In line with Inflection AI’s commitment to transparency and reproducibility, the company has provided comprehensive technical results and details on the performance of Inflection-2.5 across various industry benchmarks.

For example, on the corrected version of the MT-Bench dataset, which addresses issues with incorrect reference solutions and flawed premises in the original dataset, Inflection-2.5 demonstrates performance in line with expectations based on other benchmarks.

Inflection AI has also evaluated Inflection-2.5 on HellaSwag and ARC-C, common sense and science benchmarks reported by a wide range of models, and the results showcase strong performance on these saturating benchmarks.
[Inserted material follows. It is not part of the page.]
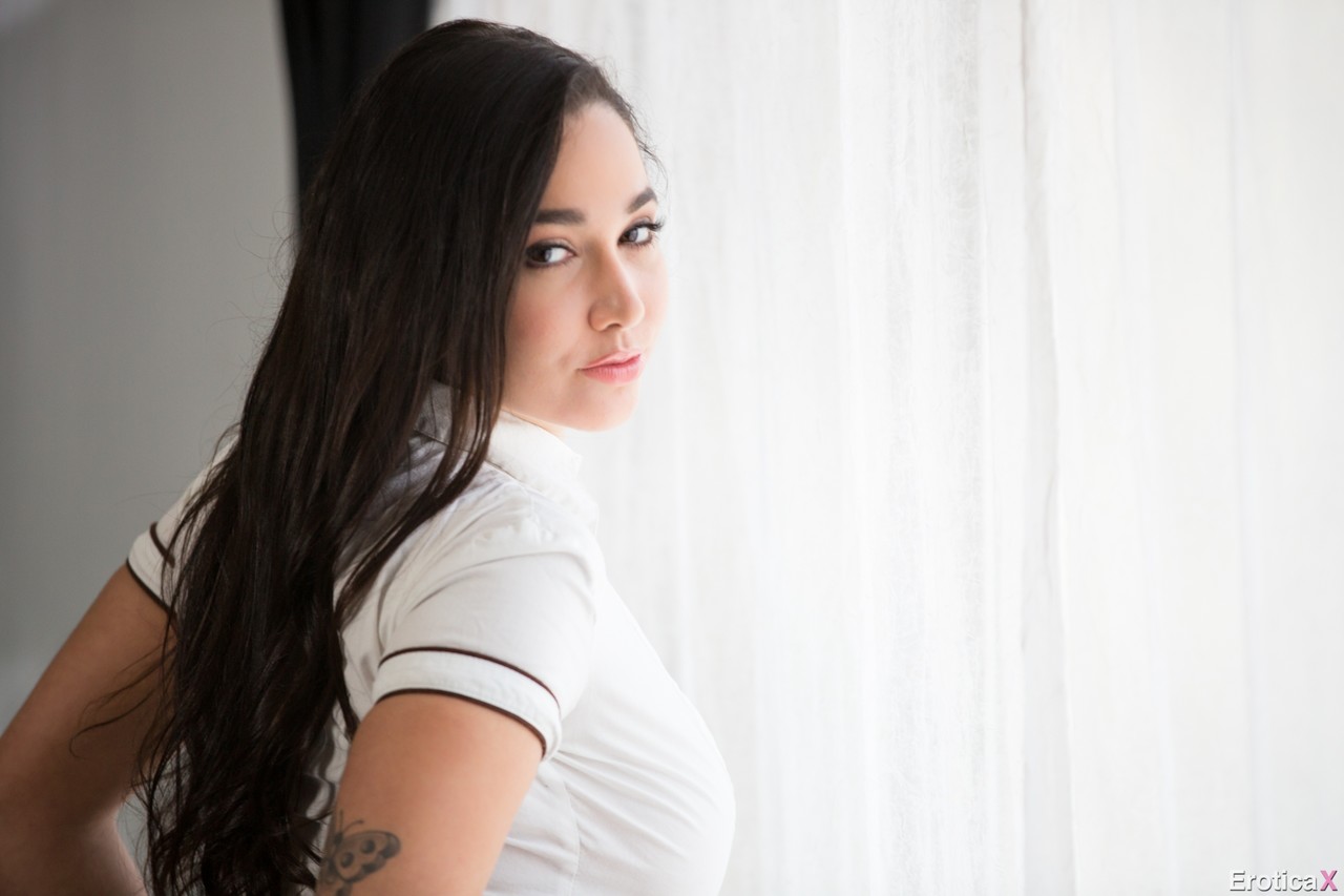 Соблазнительная девушка-одиночка Карли Грей обнажает свои красивые дыни, когда раздевается

It is important to note that while the evaluations provided represent the model powering Pi, the user experience may vary slightly due to factors such as the impact of web retrieval (not used in the benchmarks), the structure of few-shot prompting, and other production-side differences.

Conclusion

Inflection-2.5 represents a significant leap forward in the field of large language models, rivaling the capabilities of industry leaders like GPT-4 and Gemini while utilizing only a fraction of the computing resources. With its impressive performance across a wide range of benchmarks, particularly in STEM areas, coding, and mathematics, Inflection-2.5 has positioned itself as a formidable contender in the AI landscape.

The integration of Inflection-2.5 into Pi, Inflection AI’s personal AI assistant, promises an enriched user experience, combining raw capability with empathetic personality and safety standards. As Inflection AI continues to push the boundaries of what is possible with LLMs, the AI community eagerly anticipates the next wave of innovations and breakthroughs from this trailblazing company.

Inflection AI’s visionary approach extends beyond mere model development, as the company recognizes the importance of pre-training and fine-tuning in creating high-quality, safe, and useful AI experiences. As a vertically integrated AI studio, Inflection AI handles the entire process in-house, from data ingestion and model design to high-performance infrastructure.